Use a sharp knife and remove most of the visible fat and the “silver skin,” as in the photo below.
Here’s a photo of how much fat I removed from just one rack of lamb.
Smear the herbs, garlic, olive oil and soy sauce all over the rack, on both sides. Let it sit in the refrigerator at least an hour or two, and if you have time, even overnight.
Place the rack on a hot grill and sear on both sides, before lowering the grill to medium heat.
Use a thermometer to test for doneness, placing it inside the thickest part of the lamb, and away from the bone. For medium rare, remove the rack when the internal temperature has reached 125 degrees. It will continue to cook when it rests off the grill. Optional – Serve with a mint pesto if desired.
- 1 rack of lamb (about 2 lbs)
- 2 tablespoons olive oil
- 2 tablespoons soy sauce
- 2 cloves of garlic
- a sprig of rosemary, chopped finely
- salt, pepper
- rind of ½ lemon, grated
- FOR MINT PESTO:
- about 1 cup of fresh mint, plucked from the stem and packed firmly
- ½ cup parsley leaves
- 2 cloves garlic
- ¼ cup olive oil
- 3 tablespoons almonds
- salt, pepper
- grated rind of ½ lemon
- Trim the rack of lamb of most of the fat, but leave enough so that the rack doesn't fall apart.
- Pour the olive oil, soy sauce and garlic over both sides of the rack, and sprinkle with the rosemary, salt, pepper and lemon rind.

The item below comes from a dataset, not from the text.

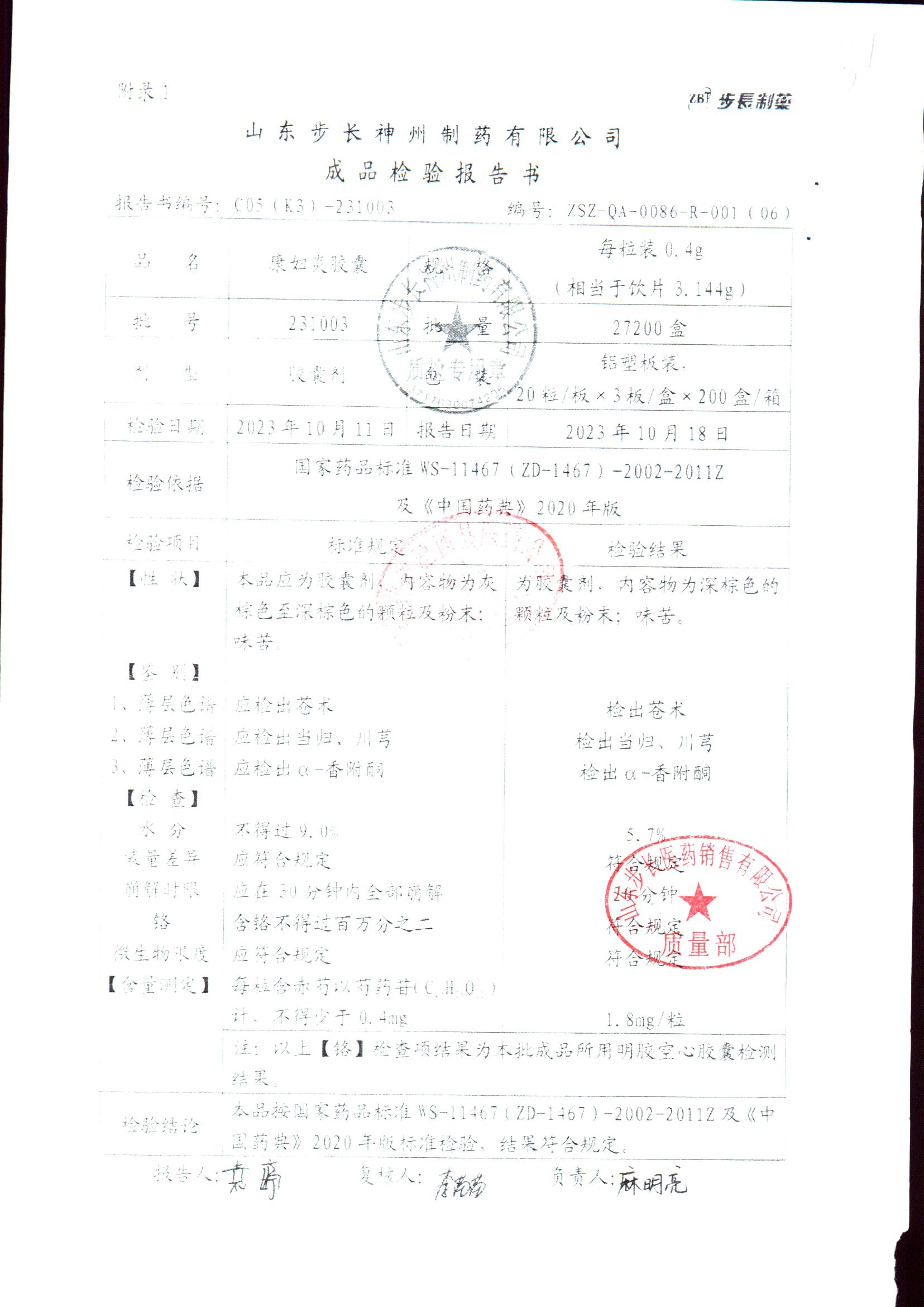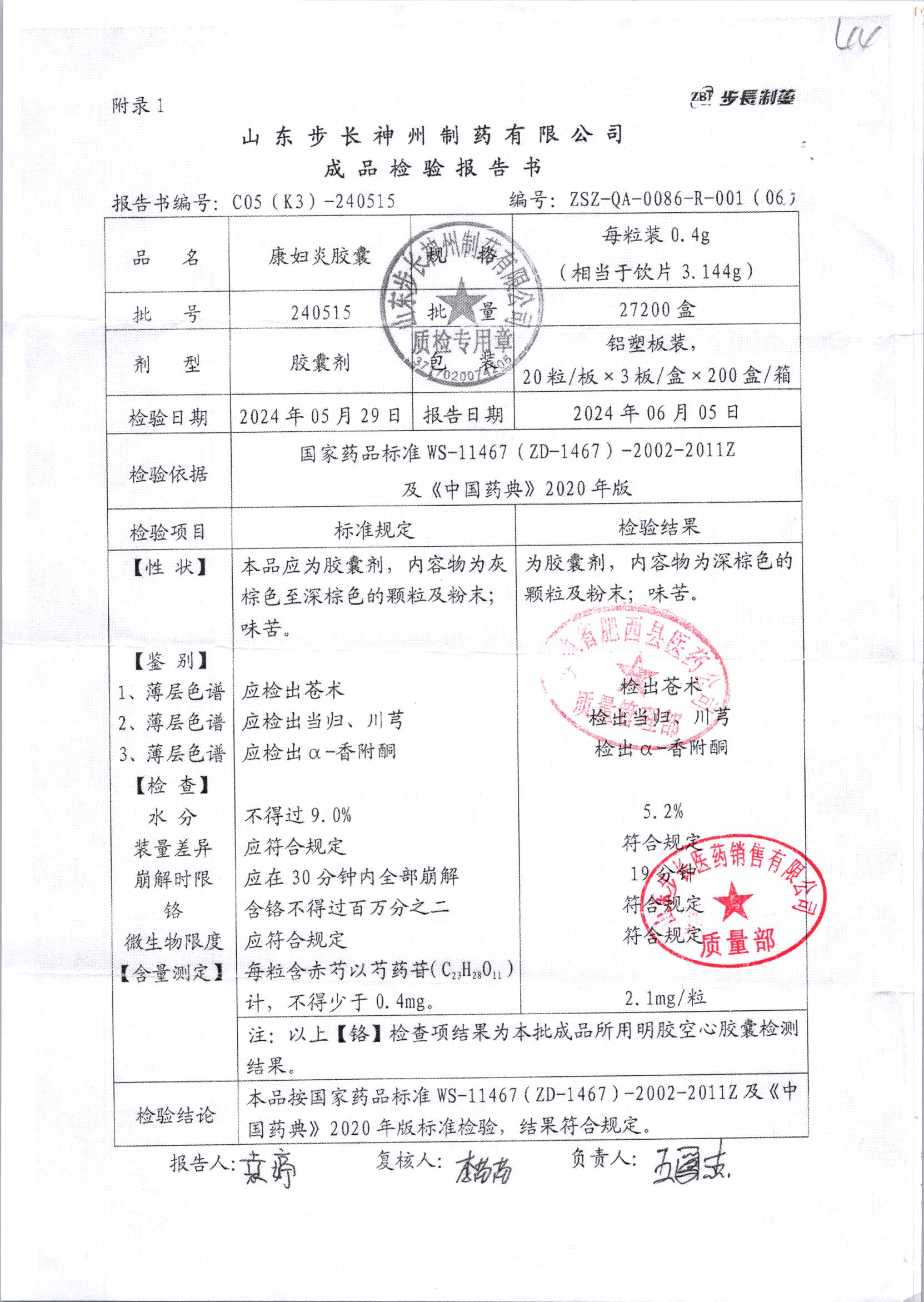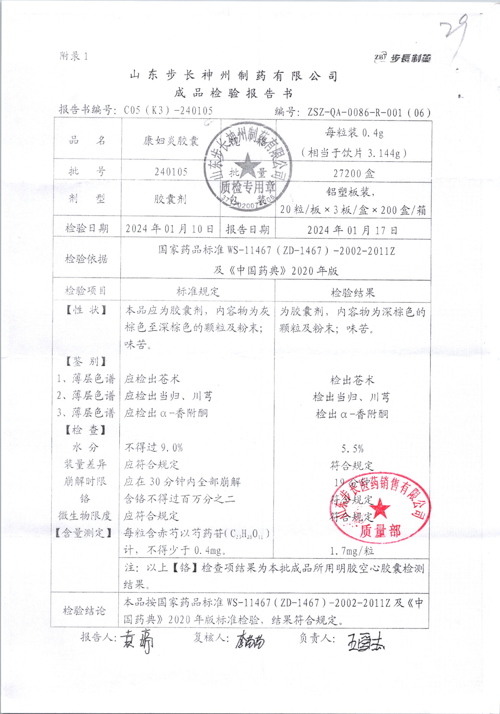 | 康婦炎膠囊 | 0.4g*60粒 | 240608 | 查看詳情 |

- Let it sit in the refrigerator for at least one or two hours, or even overnight if possible.
- Remove the meat from the refrigerator and let it come to room temperature.
- Place it on a hot grill with the fat side down for about five minutes or until a nice sear has formed.
- Turn it over and do the same thing on the other side.
- Then lower the heat, flip back on the fat side and cook until the internal temperature measures 125 degrees fahrenheit for a medium rare doneness.
- Remove from the grill and let it rest for about 5 minutes.
- The temperature will rise a bit more.
- Keep it on the grill longer, for a medium or well done finish.
- Cut between the ribs and serve.
- MINT PESTO:
- Place the mint leaves, parsley, garlic, almonds, lemon rind and salt and pepper in a food processor. Slowly add the olive oil and process until a paste is formed. Add more olive oil to make a looser pesto.